A narrativa mais frequente identificada pelo monitoramento, presente em 44% da discussão, relaciona Lulinha ao dinheiro de aposentados por causa de sua ligação com o chamado Careca do INSS.

O próprio levantamento ressalta que não há investigação formal contra Lulinha no caso dos descontos irregulares do INSS.

Outra narrativa, presente em 37% das conversas, fala em suposta “blindagem institucional” e interpreta o pedido da PGR para retirar as investigações do STF como uma tentativa de afastá-las da relatoria de Mendonça.

Um terceiro eixo, com 35% das menções, trata de patrimônio e também menciona Marcola. As categorias identificadas pela Palver podem se sobrepor.

PF apura atuação ligada a interesses privados

As investigações envolvendo Lulinha tratam, entre outros pontos, de suspeitas de atuação em favor de interesses privados junto a órgãos do governo federal.

Relatórios da Polícia Federal divulgados nos últimos dias apontaram indícios de participação do filho do presidente em tratativas com empresários, além de mensagens relacionadas à lobista Roberta Luchsinger. As suspeitas seguem sob investigação e as defesas negam irregularidades.
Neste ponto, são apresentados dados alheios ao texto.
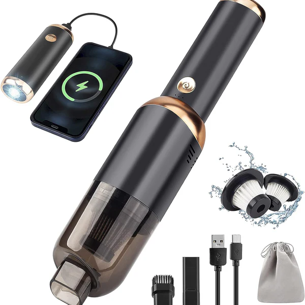 plus qu’un simple aspirateur portable, la batterie amovible sans fil dispose d’une prise USB pour charger votre téléphone. En même temps, c’est aussi une lampe de poche puissante, il suffit d’appuyer longuement sur l’interrupteur pour allumer la lumière. Il convient à une variété de scénarios et vous donne plus de commodité.Le puissant mini aspirateur est équipé d’une batterie haute capacité de 4000 mAh ; la puissance d’aspiration de 9500 Pa permet de ramasser facilement les débris. La batterie est amovible, mais vous devez vous assurer que le bouton de verrouillage du corps est sorti après l’installation de la batterie, sinon cela peut facilement provoquer une panne de courant en raison d’un mauvais contact pendant l’utilisation.le mini aspirateur sans fil utilise un design compact et compact tout en offrant des performances, des embouts et des poignées amovibles, et un étui de transport pour un stockage et un transport plus faciles. Faites facilement face à divers scénarios de nettoyage.cet aspirateur de voiture est livré avec un câble de charge d’entrée USB, vous pouvez utiliser des prises domestiques, un ordinateur portable, un ordinateur de bureau, une banque d’alimentation et des ports USB de voiture pour charger facilement et commodément.l’aspirateur de voiture portable offre deux filtres HEPA lavables amovibles pour une utilisation alternative, évitant la perte d’aspiration due à l’accumulation de poussière. Il suffit de dévisser le corps pour sortir les poubelles, de rincer le filtre et de le laisser sécher avant de pouvoir le réutiliser.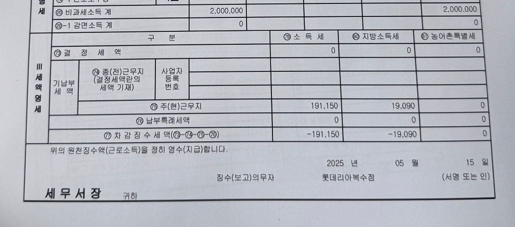 올려주신 서류는 종합소득세 신고서류가 아닌 근로소득원천징수영수증으로, 연말정산을 하신거라면 차감징수세액은 회사에서 환급받는 것이 맞습니다.
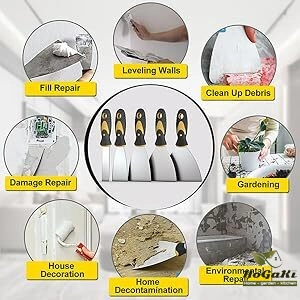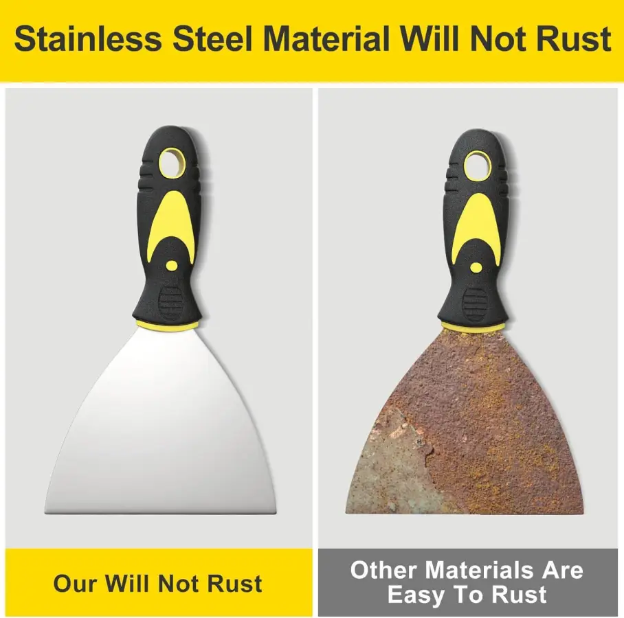 Putty Knives, Also Commonly Known As " Putty Knives" Are Used In Various Construction Industries To Scrape Surfaces Or Lay Materials Such As Plaster, Putty, And Can Also Work To Repair Cracks, Fill Holes, Scrape Paint, to apply spackle to walls, And Remove Wallpaper Are A Must-have Putty Knife Set For Your Home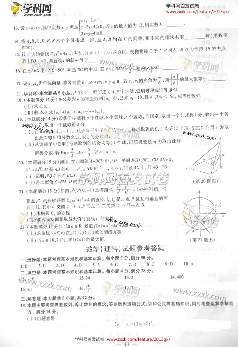 2013年浙江高考理科数学试题及答案(图片版)(2)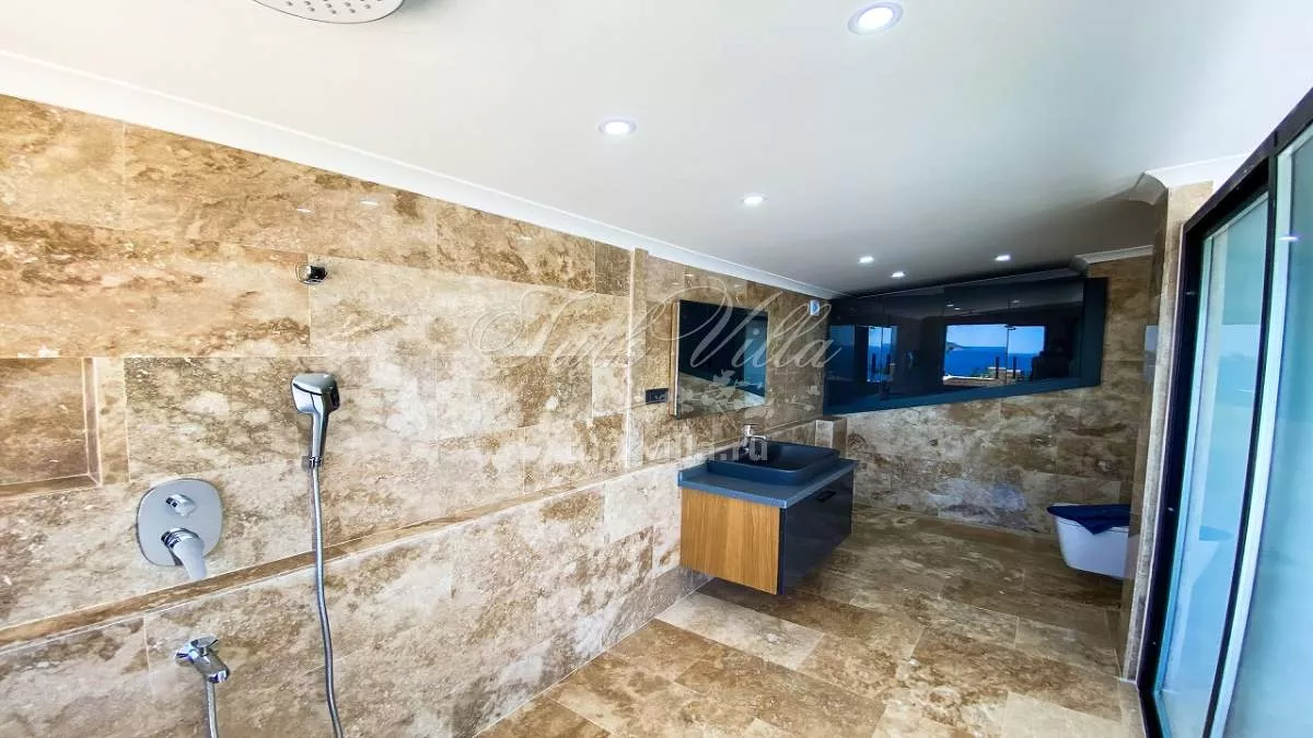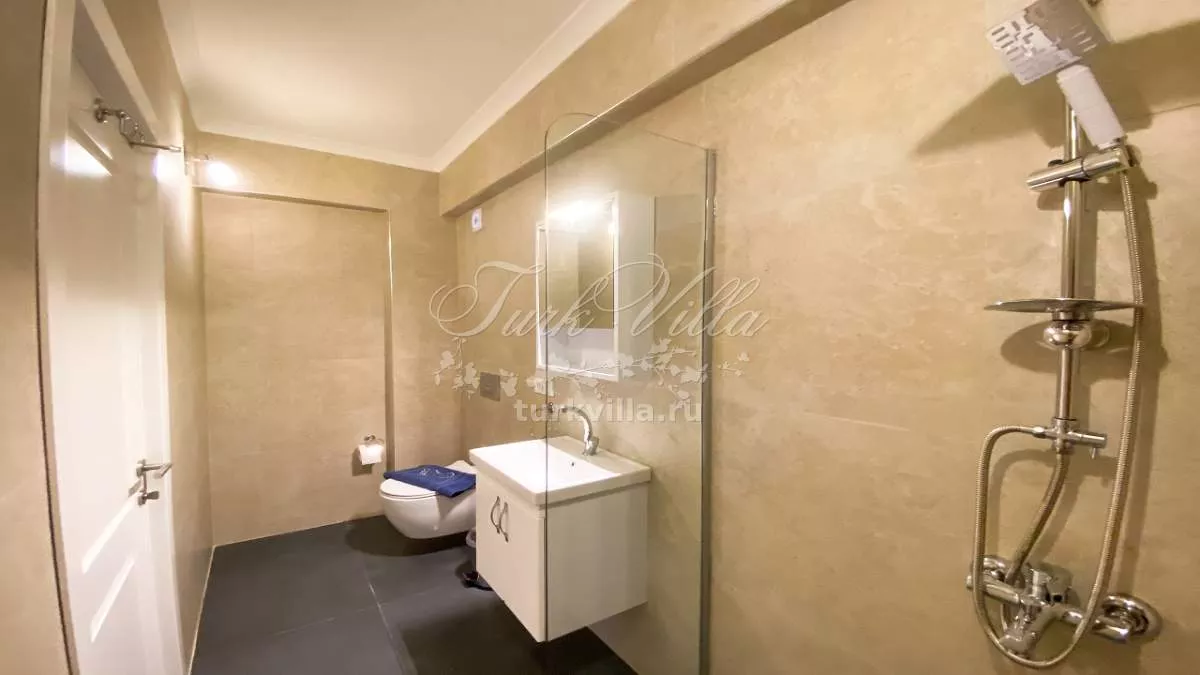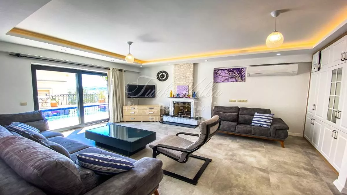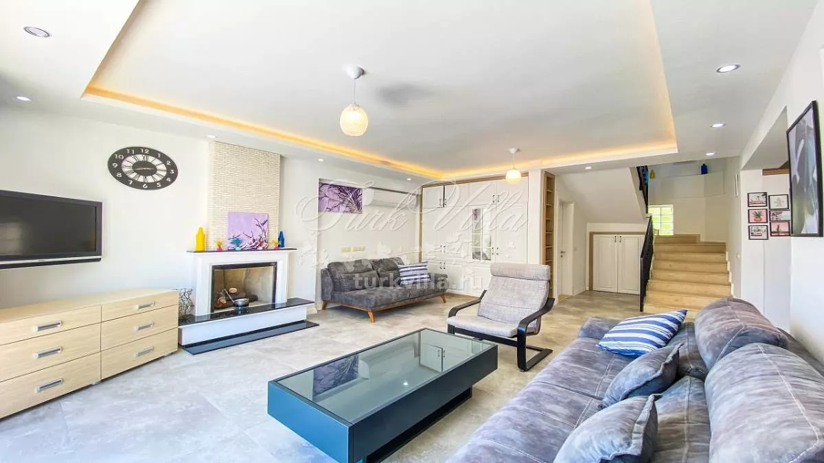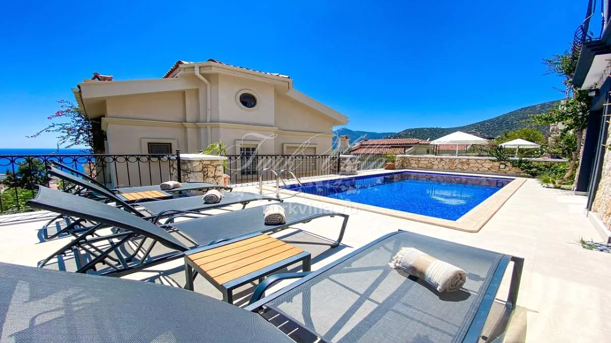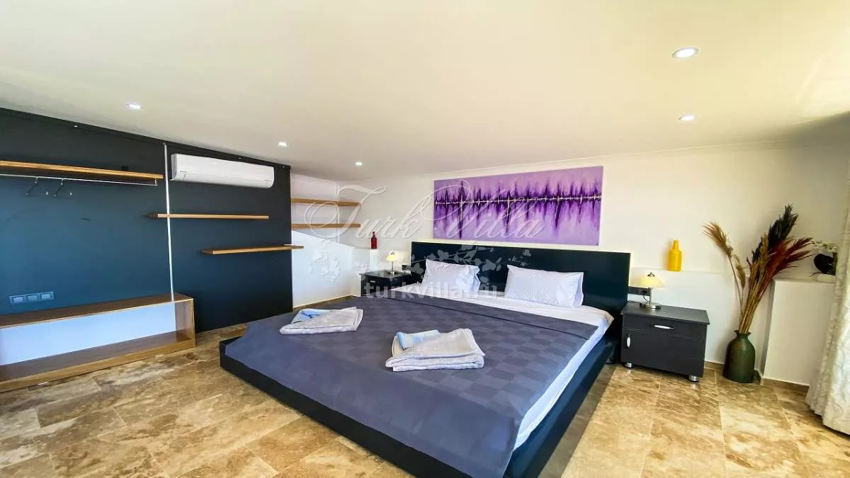 Вилла расположена в районе Калкан Каламар и имеет потрясающий вид на море и город. Она подходит для небольших семей. Вилла находится в 100 метрах от моря у подножия гор.
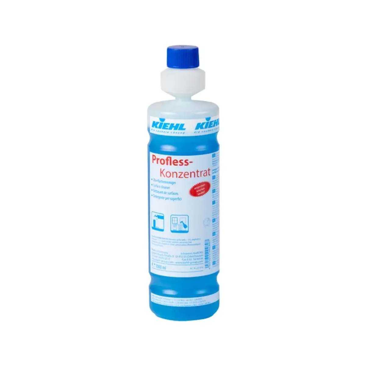 Kiehl Profless-Konzentrat jest wolny od agresywnych substancji i dlatego nadaje się do szybkiego i ekonomicznego mycia wszystkich wodoodpornych powierzchni w procesie codziennego mycia bieżącego. Roztwór roboczy Proflessu stosowany w procesie mycia metodą spray (wolną od aerozoli) szybko rozpuszcza brud i jest przyjazny dla czyszczonego materiału i skóry rąk. Roztwór roboczy Proflessu można przygotować za pomocą butelki dozującej z koncentratem lub dozowników KIEHLA: DosiExpress i DosiJet.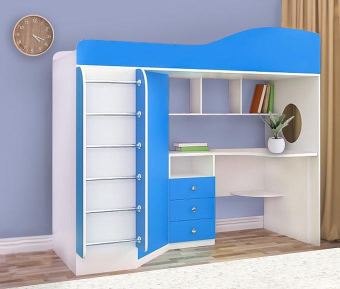 Кровать-чердак Кадет 1 оснащен одним спальным местом, металлической наставной лестницей, письменным столом с тремя выдвижными ящиками под столешницей, полкой над столешницей и угловым шкафом для одежды.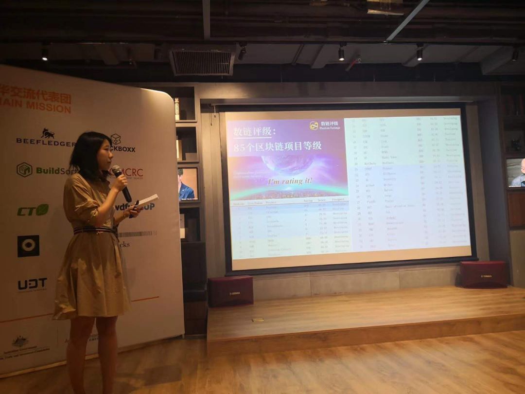 著名区块链评级机构数链评级也出席中澳区块链交流会。数链评级首席分析师林心怡介绍了数链评级团队构成,称目前已评项目85个,包括近期热门项目Hitchain,Botchain和Platon等,合作媒体20余家。当前数链评级在与币安交易所深度合作,测评币安上线的100个币种,并在币安官网上进行评级展示。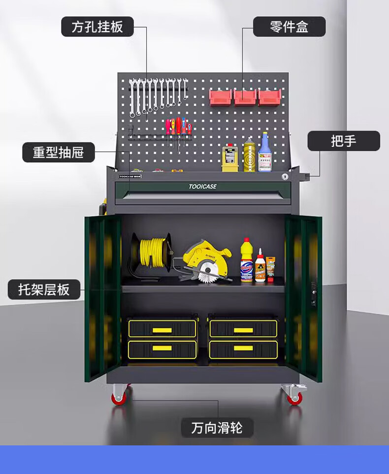 Shopkeeper Auto Repair Tool Cart Drawer Hardware Repair Push Box Multifunctional Mobile Heavy Tool Cabinet Tool Box Tool Rack Dark Night Green One-Pull Tool Cart + Hanging Plate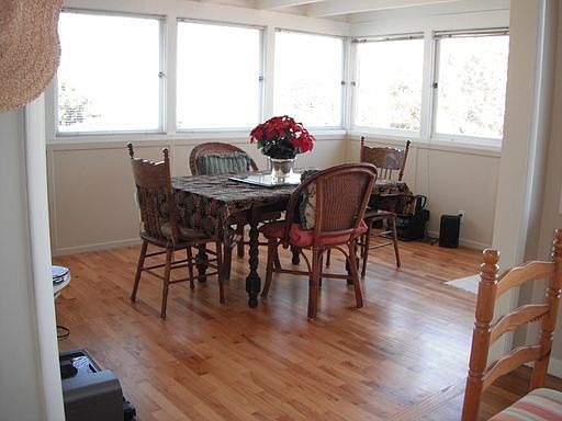Wonderful quiet neighborhood on the north end of Monterey with view over the rooftops of the bay. Two level home. Main level has living room with fireplace, dining area, office/playroom with windows on all sides, kitchen, two bedrooms and a great updated bath. Main level is all hardwood floors. Lower level is carpeted and has additional two bedrooms and bath. Family room with fireplace, and workshop/ storage room. Single car garage with opener. Great yard on several levels. View over housetops. The house is light and bright and in tip-top condition. Appliances include: gas stove, refrigerator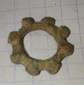 ce petit objet de 20mm de diamètre en métal proche du potin il me semble avec 8 'boules'. Je me demande si c'est une fusaïole ou non et si une datation est possible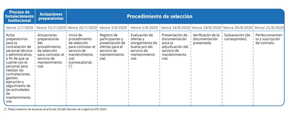 Según el cronograma establecido en el Decreto de Urgencia 070-2020, el 20 de julio es la fecha límite para el inicio de los procedimientos de selección para la contratación del servicio de mantenimiento vial, a través del lanzamiento de convocatorias en el portal institucional del Organismo Supervisor de Contrataciones del Estado.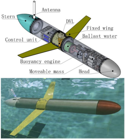 A torpedo-like glider is displayed in Figure 1 [16]. The glider is categorized into the head, middle, and tail parts. The middle part consists of several parts, including the movable mass block, buoyancy engine, fixed wing, and control unit. The glider pitch attitude and net buoyancy can be changed by adjusting the position of the movable mass block and moving the piston in the buoyancy engine, respectively. Adjusting the glider buoyancy can enable the glider to sink underwater or float.
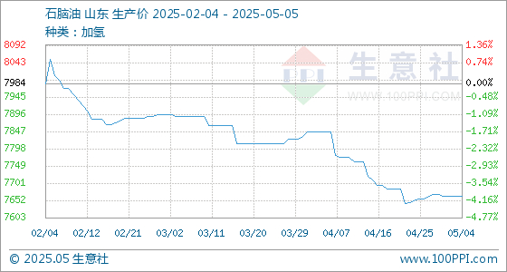 5月5日,生意社石脑油基准价为7664.00元/吨,与本月初持平。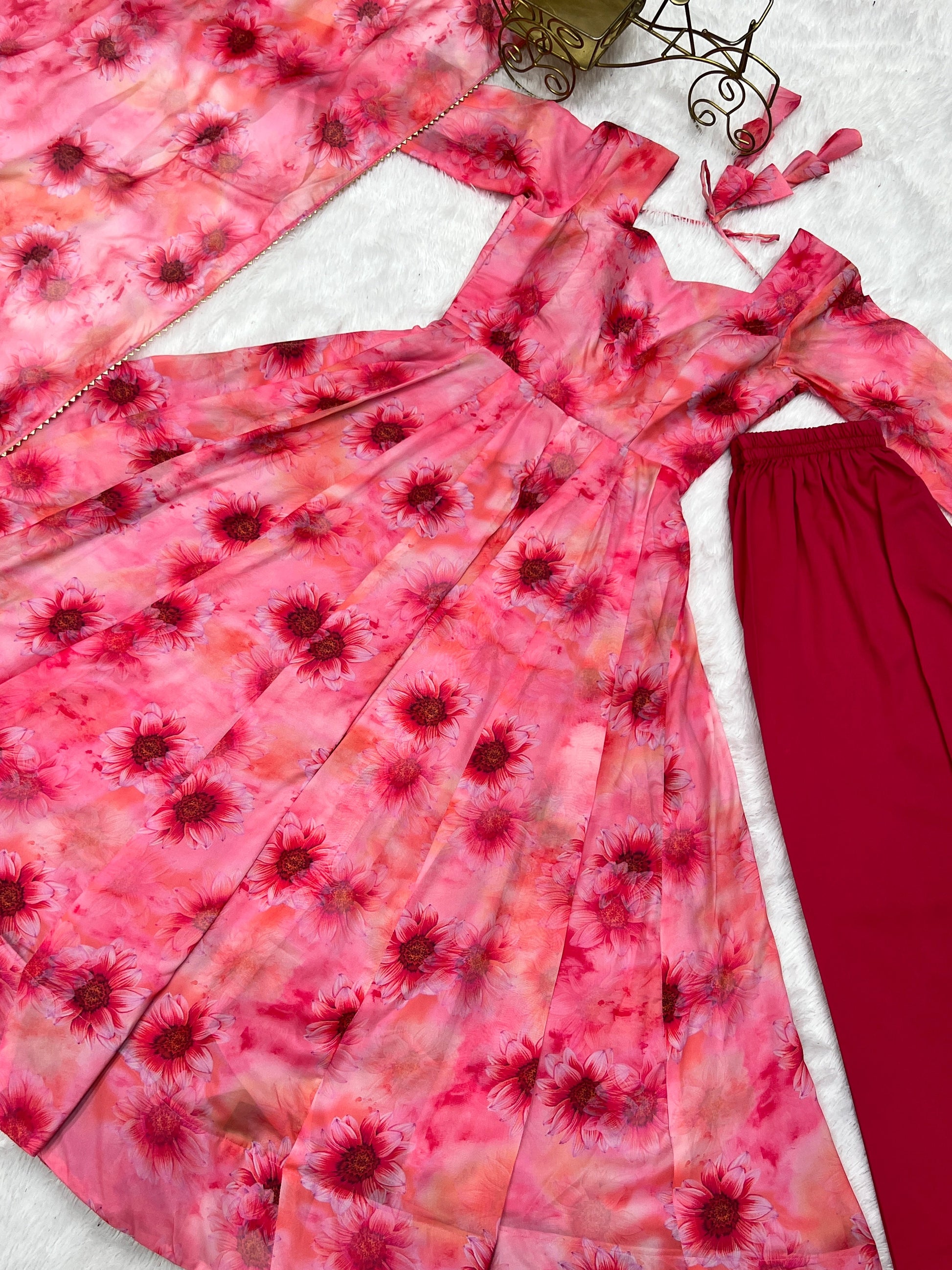 Anarkali Fabric : Heavy Pure Soft Tabbi Oraganza Silk Print

Em uma das frentes, a PF apontou um possível núcleo formado por Lulinha, Roberta Luchsinger e Fernando Bittar para intermediar interesses privados junto ao governo e atribuiu ao filho do presidente um papel de “elevada relevância” nas tratativas analisadas.

Lula diz que filho deve ser investigado

No domingo (23), Lula afirmou que não interfere no trabalho da Polícia Federal e defendeu que o filho seja investigado.

O presidente disse que, caso Lulinha tenha cometido alguma irregularidade, deverá responder por ela, mas ressaltou que o filho também tem direito à defesa.

A declaração foi dada em entrevista à Record, após uma semana de novas revelações sobre as investigações.

O avanço das menções registradas pela Palver mostra que o caso passou a ocupar espaço crescente nas discussões políticas dos grupos monitorados e a atingir também o presidente nessas conversas. O eventual efeito dessa repercussão sobre a disputa eleitoral, porém, ainda não pode ser determinado pelos dados disponíveis.